Quantum Regge Calculus of Einstein-Cartan theory

TL;DR

This paper develops a quantum discretization of Einstein-Cartan theory using Regge calculus, assigning tetrad and spin-connection fields to simplices, and constructs a gauge-invariant quantum action with a bounded partition function.

Contribution

It introduces a novel quantum Regge calculus framework for Einstein-Cartan theory, incorporating torsion-free conditions and gauge invariance on a simplicial complex.

Findings

Constructed a diffeomorphism and gauge-invariant Einstein-Cartan action.

Defined a bounded partition function for quantization.

Derived holonomies of tetrad and spin-connection fields.

Abstract

We study the Quantum Regge Calculus of Einstein-Cartan theory to describe quantum dynamics of Euclidean space-time discretized as a 4-simplices complex.
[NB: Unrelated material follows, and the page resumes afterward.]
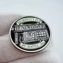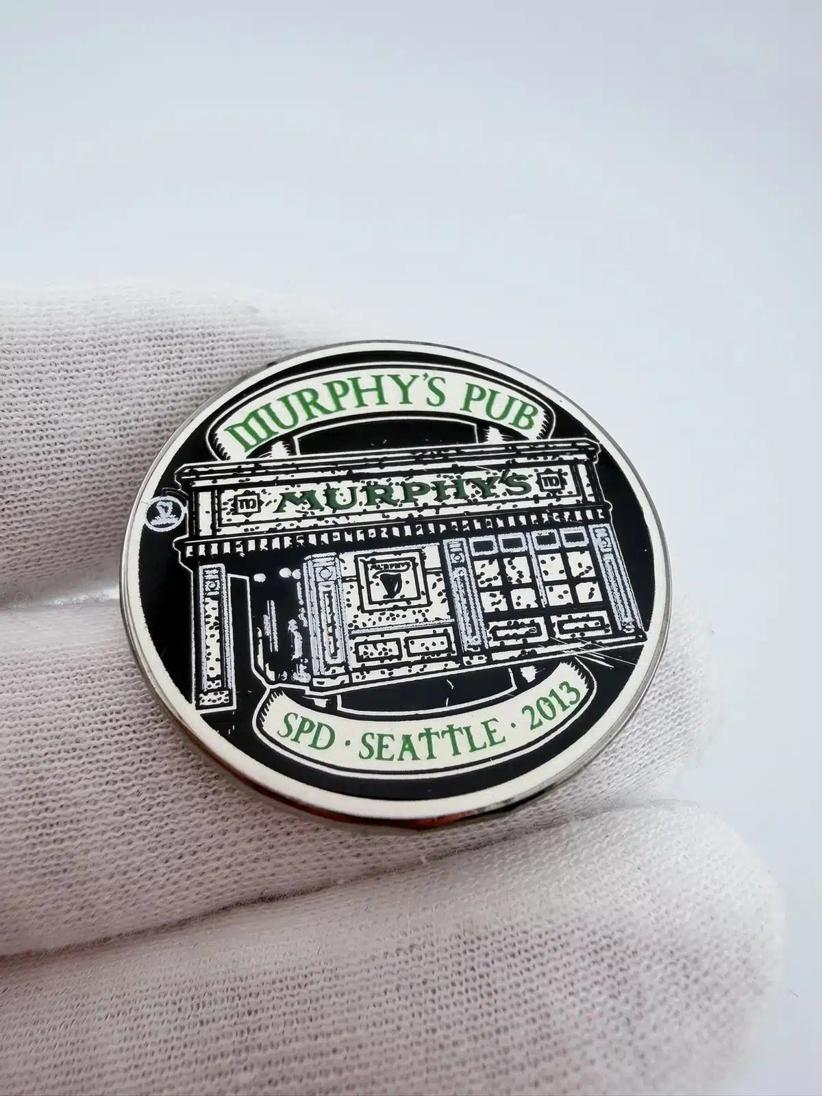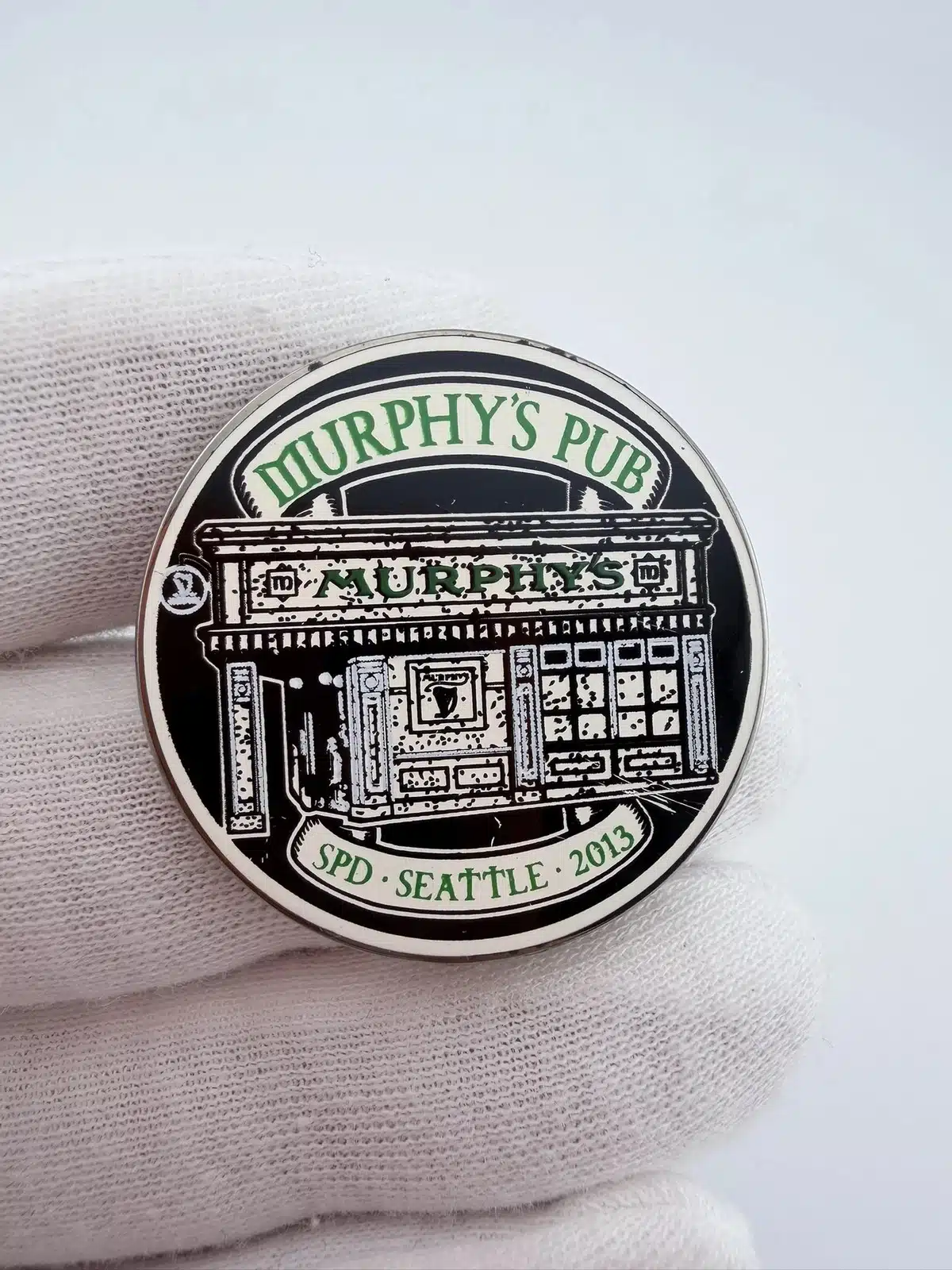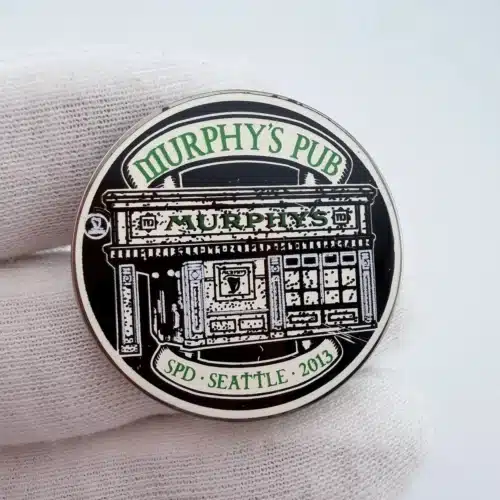 This Murphy’s Irish Pub Saint Patrick’s Day 2013 pin features a circular design with a black background and an illustration of the Murphy’s Pub facade located in Seattle’s Wallingford neighborhood on 45th. The design commemorates the pub’s annual Saint Patrick’s Day celebrations, a major event for the well-known Irish bar and gathering spot.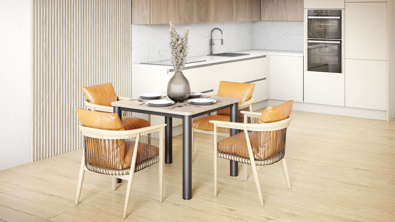 Picioarele KOTA ø80 sunt fabricate din tuburi rotunde și reprezintă o soluție structurală care îmbină eleganța cu performanța. În combinație cu conectorii KOTA, ele formează o bază de masă stabilă și plăcută din punct de vedere estetic.

Tetrad field e_\mu(x) and spin-connection field \omega_\mu(x) are assigned to each 1-simplex. Applying the torsion-free Cartan structure equation to each 2-simplex, we discuss parallel transports and construct a diffeomorphism and {\it local} gauge-invariant Einstein-Cartan action. Invariant holonomies of tetrad and spin-connection fields along large loops are also given. Quantization is defined by a bounded partition function with the measure of SO(4)-group valued \omega_\mu(x) fields and Dirac-matrix valued e_\mu(x) fields over 4-simplices complex.